De beschikking is bepaald op vandaag.
2 De feiten
[verzoeker] , geboren [geboortedatum] 2003, is sinds 24 maart 2025 in dienst bij Adalat. De functie van [verzoeker] is tandartsassistente met een loon van € 2.676,35 bruto per maand bij een 40-urige werkweek. De overeengekomen arbeidsduur is 24 uren per week.

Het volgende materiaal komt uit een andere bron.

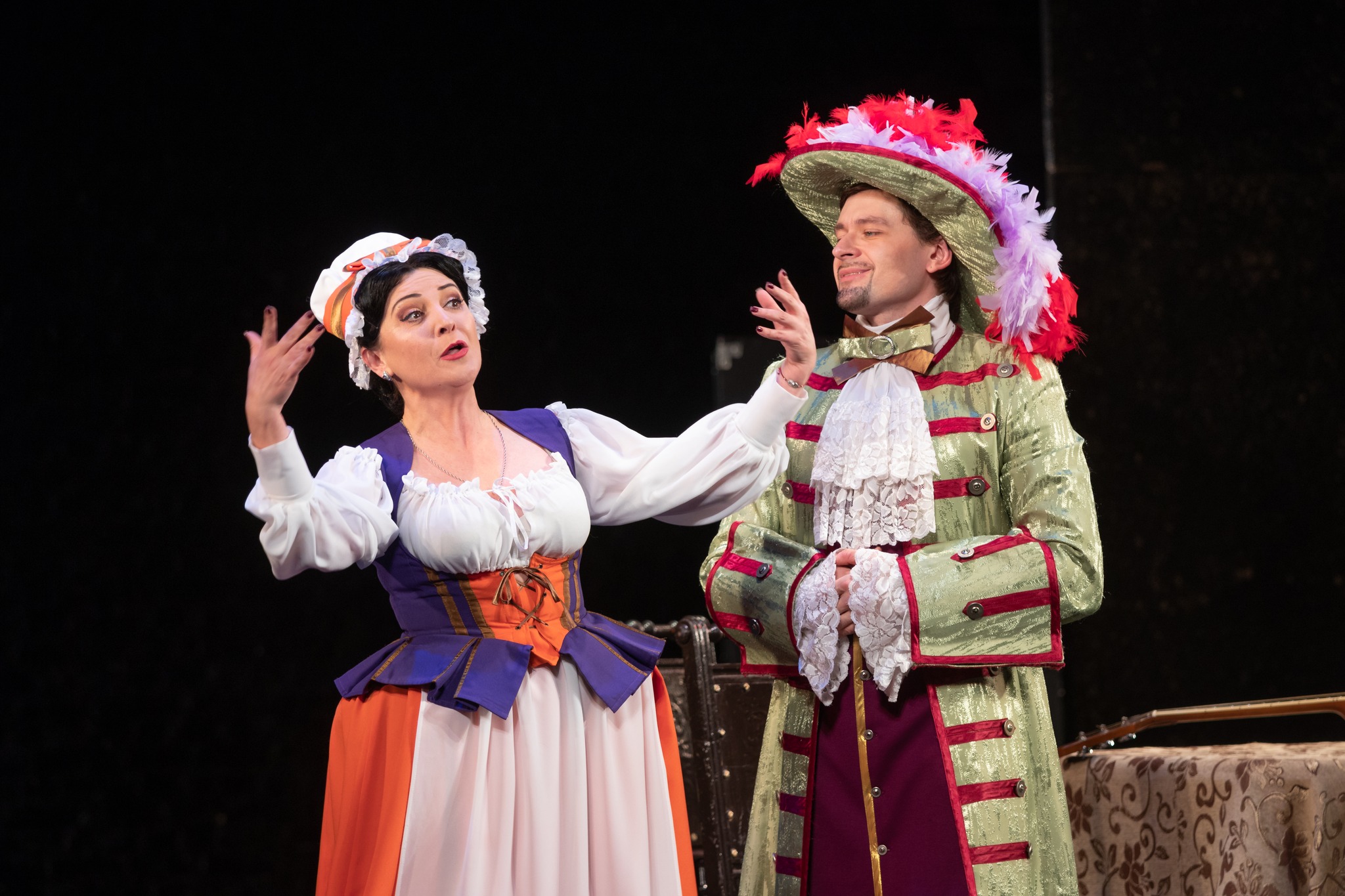 Не менее интересно наблюдать за костюмами в легендарном "Тартюфе". Это настоящий триумф барочной моды: члены семьи парижского буржуа Оргона украшают головы подлинными произведениями искусства, тогда как сам Тартюф в напускной скромности довольствуется вязаной шапочкой.

Op haar vijfde werkdag, dinsdag 1 april 2025, zou een schriftelijke arbeidsovereenkomst worden getekend. Daar is het nooit van gekomen, omdat [verzoeker] in de loop van de dag is uitgevallen wegens ziekte. Door een ongeval op het werk raakte haar knie uit de kom. Zij is daarop met een ambulance naar het ziekenhuis vervoerd.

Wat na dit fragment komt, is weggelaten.